Researchers from the Champalimaud Neuroscience Programme have confirmed the role of the feel-good neurotransmitter serotonin in alleviating pain by using a combination of advanced genetic and optical techniques. Their research was published in the scientific journal PLOS ONE.

The main role of serotonin is to relay information from one part of the brain to the other. It is known to be involved in a wide variety of physiological functions and behaviors. "Serotonin is a small molecule known to be implicated in a wide range of brain functions, from the control of sleep and appetite, to the regulation of complex emotional behaviors. This neurotransmitter is also popularly thought to contribute to feelings of well being and happiness, as some anti-depression medications work through increasing serotonin in the brain," said Zachary Mainen, CNP director and principal investigator of the Systems Neuroscience Lab, in a statement.

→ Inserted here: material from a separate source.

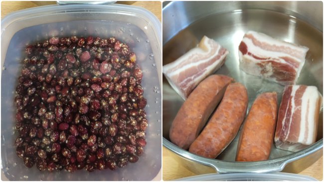 Así es como yo hago las alubias con sacramentos para que tengan todo el sabor y hagan el menor daño posible, bien por los gases (por eso las pongo 24 horas a remojo y añado una pizca de comino) como por la pesadez de la grasa de los sacramentos (los cuezo aparte, le quito la mayor parte de la grasa y cocino en ese caldo las alubias, aprovechando todo el sabor)

While serotonin is widely researched, it still challenging to research due to its location in the brain. The cells that produce serotonin are located in a specialized group of cells called the dorsal raphe nucleus (DRN), which are located deep in the brain. "In addition, other cells that produce and release different molecules are also present in the DRN, which means that general stimulation of the area may result in the release of other molecules besides serotonin," Mainen said. DRN is also strongly associated with brain dysfunction and disorders like Alzheimer’s.

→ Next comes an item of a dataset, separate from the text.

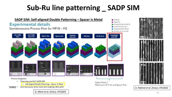 高さを稼ごうとすると、比較的簡単なのはSADPを使って製造することになる。もちろんRu配線が利用されるのはトランジスタ層に比較的近いM0~M3あたりまでなので、SADPが利用されるのはごく普通である。

So, to overcome these limitations and to better understand serotonin’s functions, the researchers used optogenetics — a method that uses light and genetics to manipulate neural activity. The use of light-sensitive ion channels helps to target specific neurons with extreme precision. It has been successfully used in many areas of neuroscience, from studying the mechanisms of antidepressants to understanding physiological processes like breathing.

In the current study, the researchers used genetic techniques to express a light-sensitive protein in the serotonin-producing cells of mice. When the researchers shone light on these cells, the cells released serotonin. As expected, their experiment showed the positive effects of serotonin. Mice that were stimulated to release serotonin showed a significantly decreased sensitivity to pain compared to mice in the control group.

"We devoted substantial efforts to optimizing light activation of serotonin-producing cells," Mainen said. "Overall, these results provide a new level of evidence on the importance of serotonin in gating the influence of sensory inputs to behavioral outputs, a key physiological role that will help define large-scale theories of serotonin function. Moreover, it has possible implications for better understanding chronic pain treatment."